D. pigrum and S. aureus co-culture assay

The D. pigrum species used for co-culture assays was isolated from the middle meatus of a disease control subject. This subject was not culture positive for S. aureus at the time of sample collection. The bacterium was initially identified by colony morphology then MALDI-TOF as described above. Co-culture assays were conducted as previously described with a few modifications24. S. aureus and D. pigrum cells were grown in brain heart infusion (BHI) broth at 37 °C and 200 rpm. Each inoculum was diluted in BHI broth to an OD600 of 0.5 ± 0.05 for all experiments.

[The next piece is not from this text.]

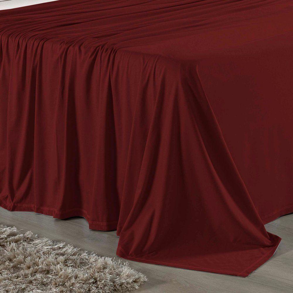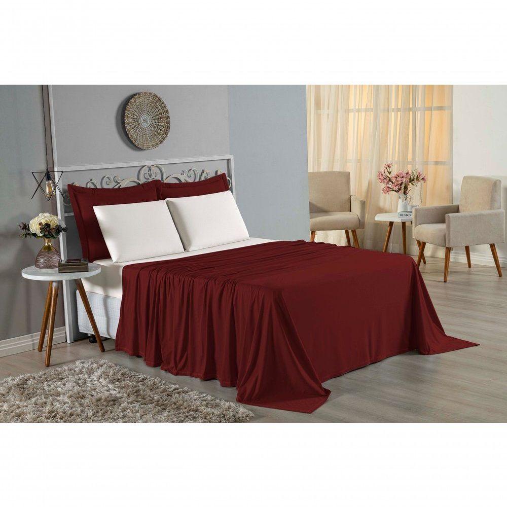 Jogo De Cama Casal Nobre 4 Peças Lençol Com Elástico De 30cm De Altura Malha 100% Algodão - Vinho / Palha

For experiments evaluating the effect of S. aureus on established D. pigrum, 10 µL spots of D. pigrum were inoculated on BHI agar medium and incubated for 2 days. After 2 days, 10 µL spots of each S. aureus strain were inoculated adjacent to the pre-grown D. pigrum. For experiments evaluating the effect of D. pigrum on established S. aureus, 10 µL spots of S. aureus were inoculated on BHI agar medium and incubated overnight. The next day, 10 µL spots of D. pigrum were inoculated adjacent to each pre-grown S. aureus strain. All co-culture assays were conducted in triplicate and compared with positive controls of each strain and negative control BHI plates that had no bacterial inoculum. Inhibition was assessed daily and photographically documented using the Synbiosis Protocol3 (Cambridge, UK).